How to reinvent the MBA for the 21st century

According to a recent LeadingCompany survey, just one in five of the heads of our largest ASX-listed companies holds a Masters of Business Administration degree – the world’s premier business qualification. In America, this figure is a good deal higher: 35% of Fortune 500 companies are headed by the holder of an MBA.

This is indeed an interesting finding but I think we are asking the wrong question. A more insightful question might be: why would anyone do an MBA in the first place?

Think about the name, for a start. A Masters in Business Administration is grounded in a ‘command and control’-type mindset. It harks back to an older era when managers planned and controlled their budgets and people, and when there was very little change or uncertainty.

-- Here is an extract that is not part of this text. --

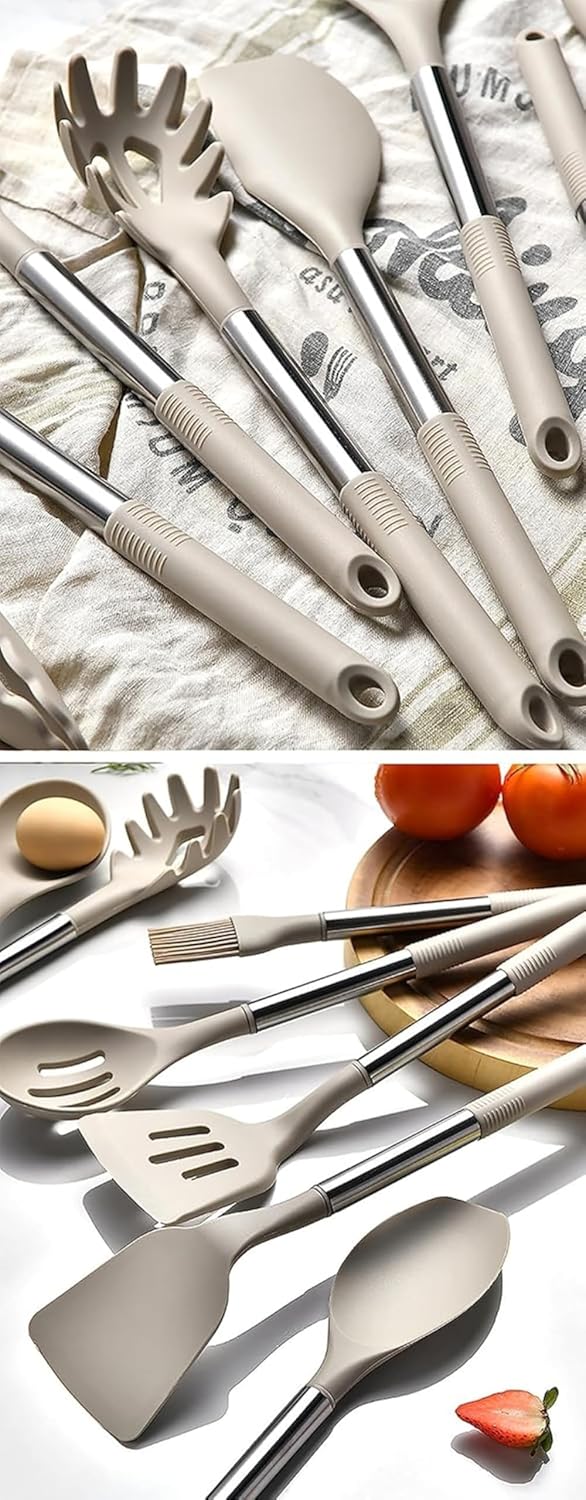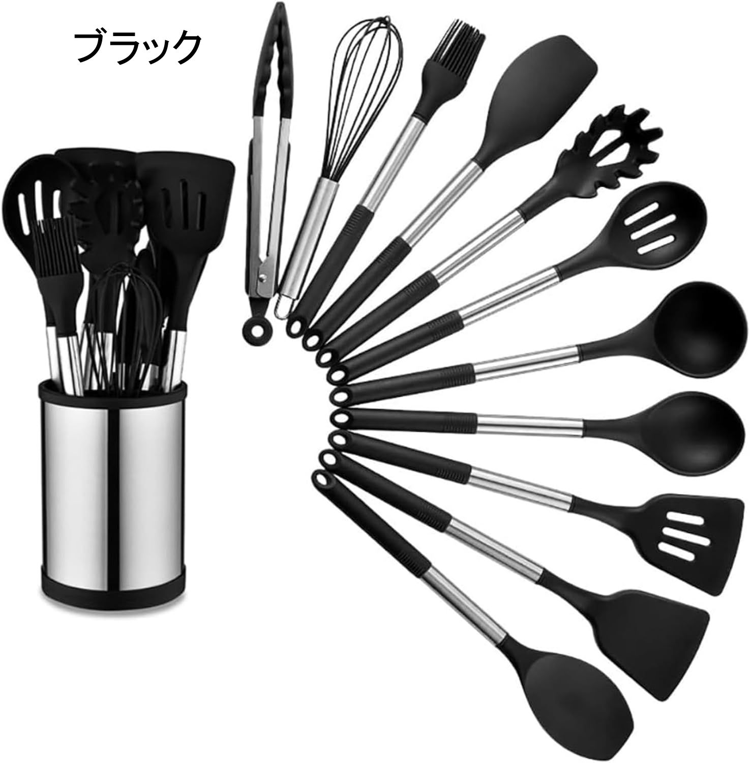 キッチンツールセット シリコン 調理器具 11点セット シリコン台所用品セット クッキングツール 器具 キッチン用品セット 耐熱シリコン ステンレス鋼ハンドル 台所用品 スパチュラ スプーン ブ 調理

Now have a look at the subjects that are offered at a typical MBA school. Here are four subjects offered at one university, for example:

Strategic frameworks

Accounting for management

Marketing management

Organisational behaviour

Do these subjects inspire? Are they still relevant in a fast-moving, time-poor, collaborative environment? Have these core subjects changed all that much since I did an MBA some 15 years ago?

My issue is this: the world has changed and MBA schools have not.

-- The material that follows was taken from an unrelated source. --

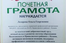 За многолетний добросовестный труд, личный вклад в развитие системы образования Вахитовского и Приволжского районов города Казани, активную жизненную позицию, поддержку профсоюзного движения и в связи с юбилеем , председатель профкома нашего МАДОУ Лазарева Ольга Георгиевна, награждена почетной грамотой! Поздраляем!

Why would any potential leader spend their hard-earned cash in learning about what worked yesterday?

We need to reinvent and reimagine the MBA. This is an opportunity for Australian academics and practitioners to lead the world.

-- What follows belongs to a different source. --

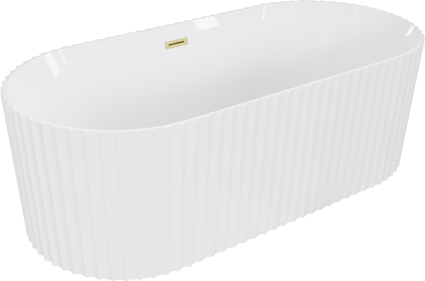 Mexen Paola свободностояща оребрена вана 170 x 80 cm, бял гланц, златен матов преливник - 52721708000-55

Let’s start with the name. Here is my suggestion: Master of Business Growth (MBG).

With this name I am suggesting that the aim of the course is to develop leaders who are interested in growth for themselves, their people and their organisation.

Here is my new course outline (assume a standard 15 subjects):

Creative problem-solving (managers and leaders need to be able to think differently).

Engaging and leading groups and teams (most work is done in groups and teams so let’s teach people how to do this).

Driving productivity (according to many analysts it’s the number one issue facing Australia so let’s teach leaders how to improve it).

Social media that works (how can we not talk about this?)

>Ethical leadership (a must for every leader)

Raising organisational performance while reducing costs (this gives the MBG a real-life edge).

Innovating for growth (innovation and growing revenue are among the top three priorities for CEOs but most don’t know how to do it).

Starting a business (every students needs to develop a business plan to launch a new product or service).

Designing the future (a leader needs to be able to articulate a vision and direction for their organisation, so let’s show them how).

Creating, stimulating and keeping customers

Doing business in X (the students select a region or country to study and develop and produce a plan).

What would I do (a series of scenarios both internal and external of pressing issues and challenges).

Leading a balanced life (let’s teach leaders how to strive for a better work-life balance).

A group project on a real-life project for a non-profit organisation.

 

Welcome to the world of the MBG:  a vibrant, contemporary and world-leading degree for future business managers, leaders and owners. If only the business professors shared my vision.